BGH Beschluss v. - AnwZ (Brfg) 40/21

Verwaltungsrechtliche Anwaltssache: Feststellungsinteresse bei einer Fortsetzungsfeststellungsklage nach Ablehnung der Abberufung eines Kanzleiabwicklers und Widerruf der Abwicklungsanordnung

Gesetze: § 54 BRAO, § 55 BRAO, § 91 Abs 1 VwGO, § 113 Abs 1 S 4 VwGO

Instanzenzug: Anwaltsgerichtshof Stuttgart Az: AGH 2/20 I

Gründe

I.

1Die Klägerin begehrt die Feststellung der Rechtswidrigkeit eines Bescheides der Beklagten vom . Gegenstand desselben war die Ablehnung der Abberufung des Beigeladenen als Abwickler der Anwaltskanzlei eines im November 2019 verstorbenen Rechtsanwalts, der wiederum von der Klägerin als Alleinerbin beerbt worden war.

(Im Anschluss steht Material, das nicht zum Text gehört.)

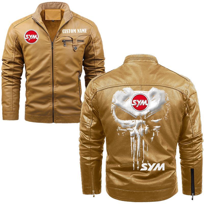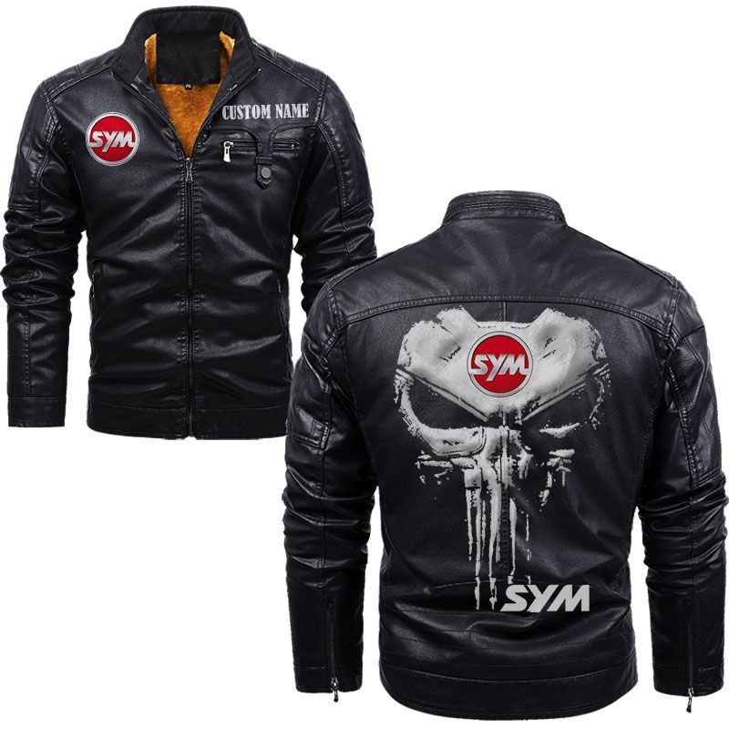Custom Name Punisher Skull SYM Motors Zip Pocket Fleece Leather Jacket
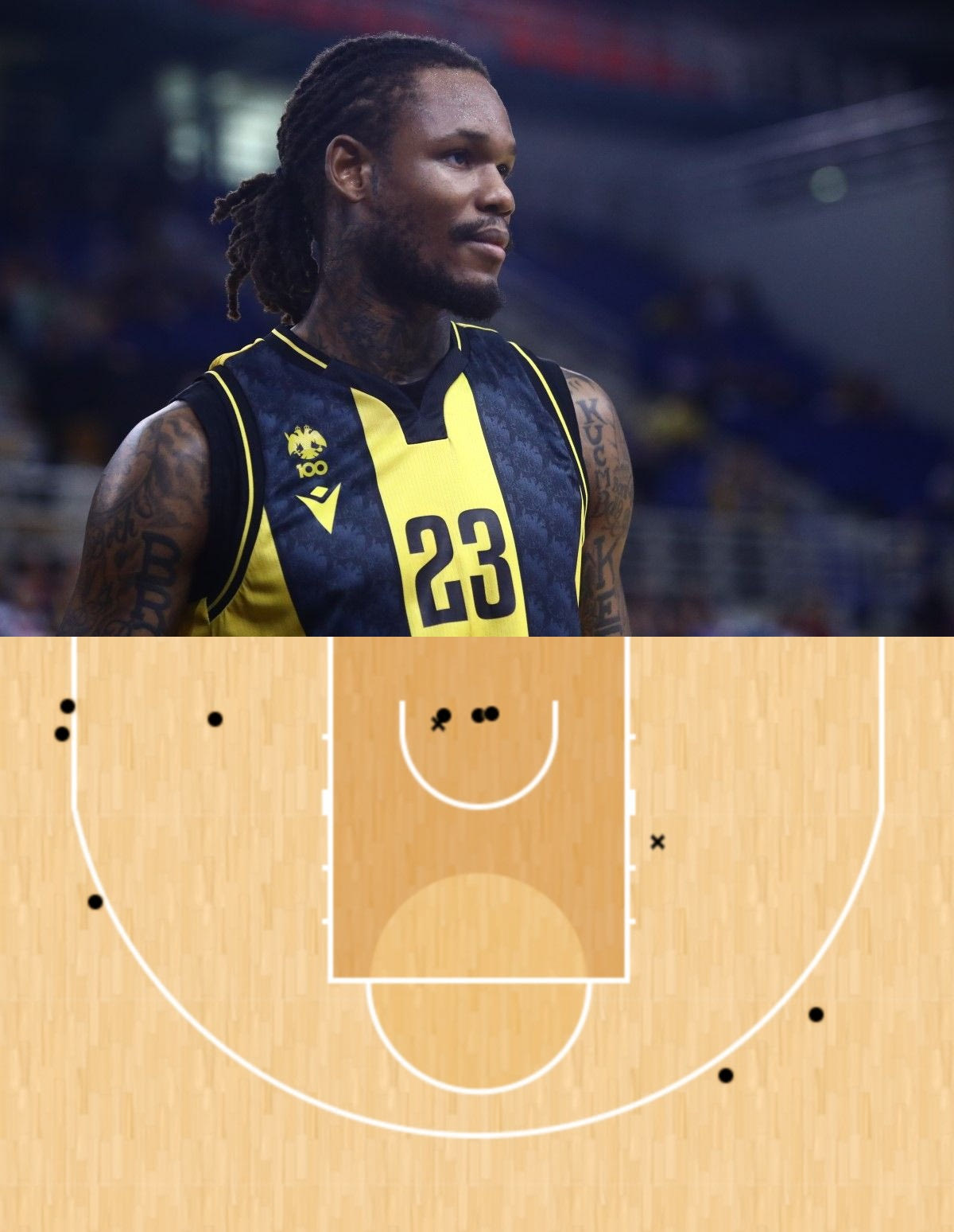 Ο ΜάκΛεμορ ήταν ζεστός από την αρχή. Σκόραρε όπως και όποτε ήθελε. Το τέλος της βραδιάς τον βρήκε να έχει 26 πόντους με 4/6 δίποντα, 5/5 τρίποντα, 3/4 βολές, 4 ριμπάουντ και +26 στο σύστημα +/- σε 17 (!) λεπτά συμμετοχής. Κοινώς, σκόραρε 1.5 πόντο κάθε λεπτό που βρέθηκε στο παρκέ (!), ενώ – σύμφωνα με το Hudl Instat – σημείωνε 2.04 πόντους ανά κατοχή, σε ένα μυθικό νούμερο. Ιδού και το Shot Chart του.

2Die hiergegen im März 2020 erhobene Klage war ursprünglich auf die Verpflichtung der Beklagten zur Abberufung des Beigeladenen gerichtet. Nach dem Widerruf der Abwicklungsanordnung hat die Klägerin ihr Begehren umgestellt und neben der Feststellung der Rechtswidrigkeit die weitere Feststellung begehrt, dass die Beklagte verpflichtet ist, ihr den Schaden zu ersetzen, der dadurch entstanden ist bzw. noch entstehen wird, dass die Beklagte den Beigeladenen als Abwickler für den Zeitraum vom bis zum bestellt hat. Der Anwaltsgerichtshof hat die Klage mangels Feststellungsinteresses i.S.v. § 113 Abs. 1 Satz 4 VwGO bzw. mangels Sachdienlichkeit der Klageänderung nach § 91 Abs. 1 VwGO als unzulässig abgewiesen. Die Klägerin beantragt die Zulassung der Berufung gegen das Urteil des Anwaltsgerichtshofs.

II.

3Der Antrag der Klägerin ist nach § 112e Satz 2 BRAO, § 124a Abs. 4 VwGO statthaft und auch im Übrigen zulässig. Er bleibt jedoch ohne Erfolg. Die geltend gemachten Zulassungsgründe (§ 112e Satz 2 BRAO, § 124 Abs. 2 Nr. 1 und 3 VwGO) liegen nicht vor.

41. Ernstliche Zweifel an der Richtigkeit des angefochtenen Urteils bestehen nicht (§ 112e Satz 2 BRAO, § 124 Abs. 2 Nr. 1 VwGO). Dieser Zulassungsgrund setzt voraus, dass ein einzelner tragender Rechtssatz oder eine erhebliche Tatsachenfeststellung mit schlüssigen Argumenten in Frage gestellt wird (st. Rspr.; vgl. etwa AnwZ (Brfg) 30/11, NJW-RR 2012, 189 Rn. 5 mwN). Zweifel an der Richtigkeit einzelner Rechtssätze oder tatsächlicher Feststellungen füllen den Zulassungsgrund dann nicht aus, wenn solche Zweifel nicht die Richtigkeit des Ergebnisses erfassen ( AnwZ (Brfg) 32/15, juris Rn. 4 mwN).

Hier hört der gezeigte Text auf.